Evaluate the limit, if it exists.

hey guys, so I'm doing some limit questions, and I'm kind of stuck on one, and it's a even number so I have no solution for it in the book onto how to do it, but anyways this is what I have for this question so far.

Question:

lim (3+h)^{-1}-3^{-1}/ h

h ->0

Ok so this is what I've done so far,

lim 1/(3+h) - 1/3 all divided by h

h ->0

lim 3-(3+h)/3(3+h) all divided by h

h ->0

lim 3-3-h/9+3h * 1/h

h ->0

lim 3-3-1/9+3h (cancelled the h's)

h ->0

Plug in the 0s where the h is -1/ 9+3(0) = -1/9,

Not sure if this is correct or not, and I think I may have made a mistake somewhere, please correct me if so.

Thank you, sorry if the format isn't as good, I think some of you know I'm terrible with that stuff lol.

Re: Evaluate the limit, if it exists.

Quote:

Originally Posted by

**Oldspice1212** Question:

lim (3+h)^{-1}-3^{-1}/ h

h ->0

Ok so this is what I've done so far,

lim 1/(3+h) - 1/3 all divided by h

h ->0

lim 3-(3+h)/3(3+h) all divided by h

h ->0

lim 3-3-h/9+3h * 1/h

h ->0

lim 3-3-1/9+3h (cancelled the h's)

h ->0

Plug in the 0s where the h is -1/ 9+3(0) = -1/9,

All of that is correct except that. We never never **plug in** when doing limits.

That is a completely wrong way to think about limits.

What happens to $\displaystyle \frac{(3)-(3+h)}{3h(h+3)}$ as $\displaystyle h\ne 0~\&~x\sim 0~?$

That is, h is 'close to' but not equal to zero. Unless that is clear to you then you will have trouble later on in mathematical proofs.

Re: Evaluate the limit, if it exists.

Quote:

All of that is correct except that. We never never plug in when doing limits.
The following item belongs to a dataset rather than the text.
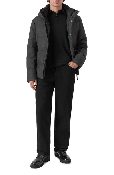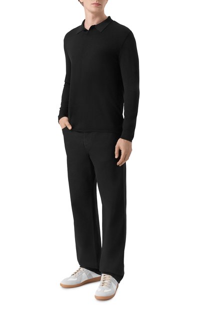 Поло Omelly прямого кроя сшили из тонкого шерстяного трикотажа. Изделие с V-образной горловиной, манжетами и поясом в рубчик украсили металлической эмблемой бренда сбоку.

That is a completely wrong way to think about limits.

What happens to as

That is, h is 'close to' but not equal to zero. Unless that is clear to you then you will have trouble later on in mathematical proofs.

You are absolutely correct, I actually knew that, I'm just so used to saying "plug it in", thanks a ton for the clarification.